“我同意花酒兄的判断。”我做了一个手势:“前面交错排列的那几棵树分别是胡扬、木瓜、桂花和石榴树,这些树上都缠满蛇,就意味着很多地方的土地都己经干裂,寸草不生。躺在马上的这具女尸千里奔波而来,或是来报信,或是来求援,或是来投亲靠友。可是她的马终于因为体力不支倒下了。她也因疲惫再也站不起来,尽管她仍在努力求生。可是她小腹上的那朵枯蒌的海棠花预示着死亡己经降临。停在她大腿上的燕子也因失去方向惶恐不安。她的身份应该是统帅一方的首领。在这位首领倒下的时候,她想投靠的地方过着安逸的生活。坐在桑树上的女尸的举动说明了一切。可灾难即将来临。停在她足踝上的蜻蜓是干旱的象征。坐在桑树下的这具女尸实际上是蚕的化身。在中国上古的传说中,有一位美丽的女人嫁给了一匹马,可她的父亲把马杀了,阻止这段婚姻。被剥了皮的马仍用皮包住自己的爱侣,双宿双飞,游戏于山水之间。后来,披着马皮的女人化做一条蚕,吐丝为人间服务,人类从此学会了织布穿衣。这条给人间带来福泽的蚕,被尊称为马头娘娘。在上古时期受人类供奉祭祀。”
刺客由衷地说:“那么她的地位一定非常尊贵。”
花酒微微一笑:“从神话的角度上说,卧靠在马匹上的那具女尸最尊贵。她也许是传说中的格姆女神,也就是王母。”
刺客睜大眼睛:“西王母?”
花酒摇了一下头:“王母和西王母是两个不同身份的称谓。前者是母系氏族社会的首领,而后者是天地之间最有权威的众神之神。”

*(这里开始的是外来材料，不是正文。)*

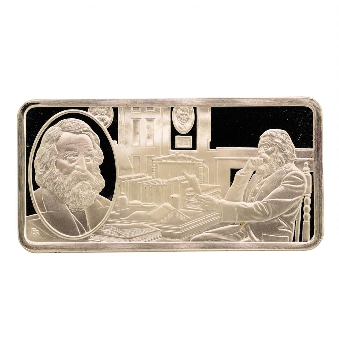 One 500 Grain Sterling Silver Franklin Mint 100 Greatest Americans Ingot.

我偏头指了指另一具陈列在一座橙色水晶台上的女尸,“那具女尸才可能是传说中的西王母。”
我们绕过几道纵橫交错的水槽,来到橙色水晶台前。
橙色水晶台被凿成连绵起伏的群山,山峦之间长短不一的峡谷被浇灌了银代表江河。高矮不一的山峰上站立着不同的鸟兽,一方兀突的高台上,一具女尸冷傲地跪坐在一方金丝毯上。她饰着宛若宣发的红金丝头饰,口中含着一片绿玉树叶,靓丽无比的脸孔冷若冰霜。她的脖颈上套着七个金环,茄子状诱人的胸脯之间纹着一根羽毛。她的小腹上覆盖着一面由无数玉片组成的倒三角玉饰,一直延伸到隐秘处。她搭在大腿上的双手上套满不同材质的玉指甲套,手腕上饰戴着两副玉手镯。一只老虎垂首蹲在她的左边,另一只穿山甲仰头爬在她的右边。她浑身上下流露着神圣不可侵犯的威严。
平台下方,摆着一只金鼎。三只鸟张开翅膀,护卫着鼎。
“在中国上古最原始的传说中,西王母是最有威严的女神。传说她只要发岀一声长啸,天地为之失色,神鬼为之颤抖,所有生灵为之伏跪垂怜。”我看着女尸说,“这具女尸所处的位置,傲视群峰,足以领袖群伦。龙虎在左右供她随时差遣,千鸟百兽随时听她使唤。真是要风得风,要雨得雨。”
刺客抿了抿嘴:“穿山甲就是传说中的龙吗?”
我笑了:“穿山甲有另一个名称叫龙鲤。在中国最古老的十二生肖排列中,龙就是穿山甲。这具尸体极有可能就是传说中的西王母的象征。尤其是平台下有三只在传说中为西王母服务的青鸟守护着金鼎。”我退后一步用手电照了照拱顶,没有见到任何装饰,“但这具女尸若是西王母的话,有一点说不通。因为这里号称众鬼之山,绝对不会侍奉任何一位传说中的神。”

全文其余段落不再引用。